Micro/nanoparticles fabricated with triblock PLLA-based copolymers containing PEG-like subunit for controlled drug release: Effect of chemical structure and molecular architecture on drug release profile

Highlights

• PLLA-based triblock copolymers are obtained by polycondensation and ROP.

• Central blocks have different molecular architecture: block and random.

• Flexibility, crystallinity degree and wettability depend on molecular architecture.

• Dexamethasone-containing micro- and nanoparticles were prepared by miniemulsion.

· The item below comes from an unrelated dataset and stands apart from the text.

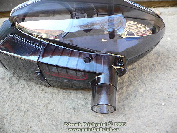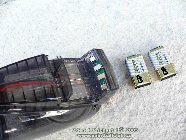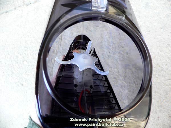 Nedávno jsme zde recenzovali výborný podavač Reloader od firmy Empire a dnes se podíváme na jeho přímého konkurenta, podavač TSA od firmy Odyssey. TSA je mladším bratrem známého Halo-B od něhož se na první pohled odlišuje protáhlejším a štíhlejším tělem. Dalším a výrazným rozdílem je samotný systém, TSA je totiž vybaven stále oblíbenějším zvukovým senzorem který aktivuje systém po každém výstřelu, nedochází zde tedy k prodlevám známým z optických systémů které čekají až na mezeru ve šňůře kuliček. Zadní strana je plochá a je vybavena on/off vypínačem a indikátorem stavu baterií. Baterie jsou umístněny klasicky, tedy ve spodní části zásobníku a jsou dvě 9.Voltové (nejsou součástí prodejního balení) Zajímavostí je u TSA kontrolní softvare který při naklonění zásobníku doprava zajistí točení vrtulky proti směru hodinových ručiček, při náklonu doleva naopak, kuličky jsou tak vytláčeny od nejnižšího místa směrem ke krku zásobníku. Toto je velmi vtipné a účelné řešení, v praxi i vítané. Plasty těla nepůsobí tak bytelně jako u HALO, ale na druhou stranu ani příliš křehce a lacině, víčko se během testu samo neotevíralo a to ani při pádech a skocích, je tedy dostatečně pevné a spolehlivé.

• Drug release can be tuned by varying molecular architecture and particle size.

Abstract

Novel A-B-A triblock copolymers based on poly(l-lactic acid) (PLLA) were designed with an ad hoc chemical structure to prepare micro- and nanoparticles for controlled drug delivery. A block is formed by PLLA, while central B block is a copolymeric system based on poly(butylene succinate) and poly(triethylene succinate): more specifically, two copolymers with fix composition (50:50 mol:mol) and different molecular architecture were synthesized. One of them is characterized by a block architecture, i.e. long butylene succinate and triethylene succinate sequences form the macromolecular chains, the other being on the contrary a random copolymer with short sequences. The so-obtained materials were characterized from the molecular and thermal point of view. Moreover, to investigate the effect of both chemical structure and molecular architecture of the polymers synthesized on drug release kinetics, Dexamethasone-encapsulated micro- and nanoparticles were prepared by oil-in-water miniemulsion technique. These particles were subjected to thermal and morphological characterization. After that, drug release studies were carried out, and the effect of chemical composition, sequence distribution and particle size on release profile was evaluated.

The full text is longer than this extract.